Exploring the trade-off of new treatments for BCG-unresponsive NMIBC
Saturday’s debate surveyed the pros and cons of new bladder-sparing treatments for BCG-unresponsive non-muscle-invasive bladder cancer.

New options are available to help patients with Bacillus Calmette-Guerin (BCG)-unresponsive non-muscle-invasive bladder cancer (NMIBC) avoid or delay radical cystectomy.
“With a full armamentarium of agents with multiple mechanisms of action, it’s a game-changing era to preserve bladder and quality of life,” said Tullika Garg, MD, MPH, FACS, associate professor in the department of urology at Geisinger Health System. Dr. Garg moderated Saturday’s Plenary, “Controversies in Urology: Double Intravesical Chemotherapy Is Preferred Over New FDA-Approved Agents for BCG Unresponsive NMIBC: The Price of Success.”
To help you make informed treatment decisions, the session explored the pros and cons of double intravesical chemotherapy with Gemcitabine/Docetaxel (Gem/Doce) versus the new FDA-approved bladder-sparing treatments for BCG-unresponsive NMIBC.
Vignesh Packiam, MD, associate professor of urology at Rutgers Cancer Institute of New Jersey, set the stage by defining BCG-unresponsive NMIBC. Patient must meet two out of three criteria: They must exhibit high-grade papillary (TaT1) NMIBC within six months of last BCG, high-grade carcinoma in situ (CIS) NMIBC within 12 months of last BCG or high-grade T1 NMIBC recurrence at first (three months) evaluation after a single induction course of BCG. He presented data to build a persuasive case for Gem/Doce. “It’s widely available, well-tolerated, highly efficacious and cost-effective. That’s why it’s a no-brainer to give this treatment for patients with unresponsive disease,” Dr. Packiam said.

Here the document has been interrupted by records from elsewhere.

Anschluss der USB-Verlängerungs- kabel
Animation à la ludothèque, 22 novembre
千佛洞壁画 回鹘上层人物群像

Shreyas S. Joshi, MD, MPH, assistant professor of urology at Emory University School of Medicine, presented the opening argument for the new FDA-approved agents, pembrolizumab (Keytruda), nadofaragene firadenovec (Adstiladrin) and nogapendekin alfa inbakicept-pmin (Anktiva), citing favorable data on prospective comprehensive outcomes reporting, side effects and long-term progression-free survival. “There’s no silver bullet for treating BCG-unresponsive disease, but these new agents offer the highest level of data, plus they capitalize on the immune sensitivity of bladder cancer,” he said.
William Huang, MD, urologic oncologist at NYU Langone Medical Center and the Perlmutter Cancer Institute, offered solid points for why Gem/Doce is still the preferred agent for NMIBC despite the explosion of new agents. From a cost standpoint alone, “Gem/Doce, at under $10,000 per year, is 20 times less than all the other agents,” he said.

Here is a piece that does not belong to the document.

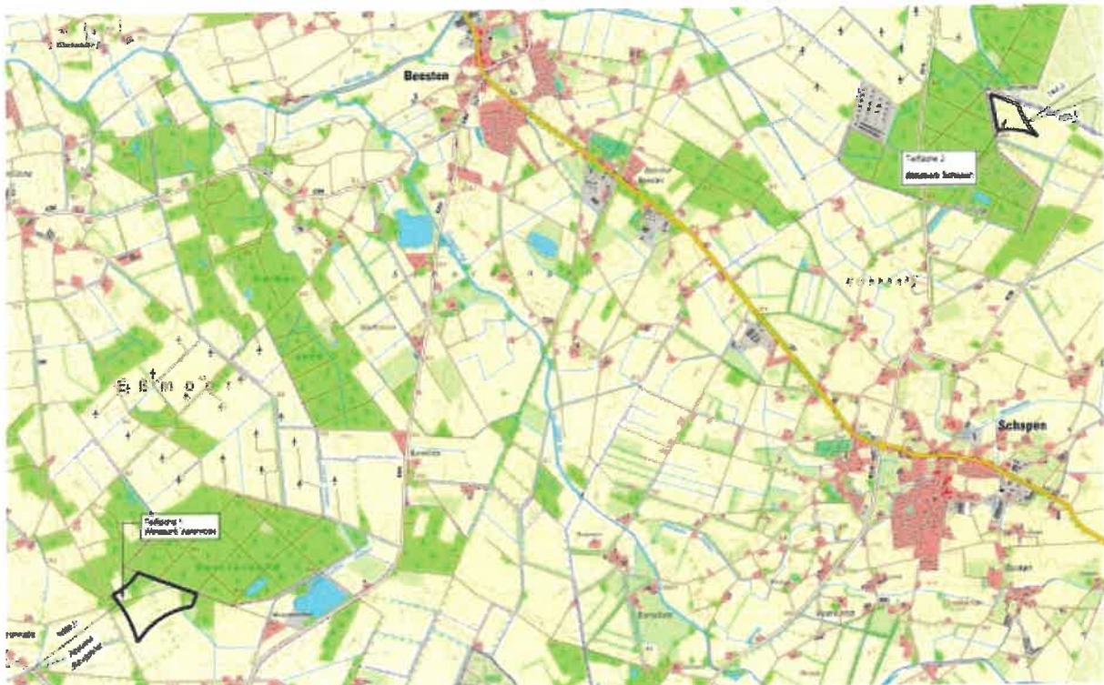
Abbildung 1: Übersichtsplan

“There is a cost for innovation,” said Cheryl Lee, MD, chair of the department of urology at The Ohio State University. “The novel agents approved by the FDA are potentially creating multiple lines of therapy for patients with NMIBC, particularly with CIS, with 89% cystectomy avoidance at 24 months.”
Which agent to choose? “All options incur costs in terms of financial, adverse events, treatment burden and clinical operations,” Dr. Garg said. “We need algorithms to sequence agents.”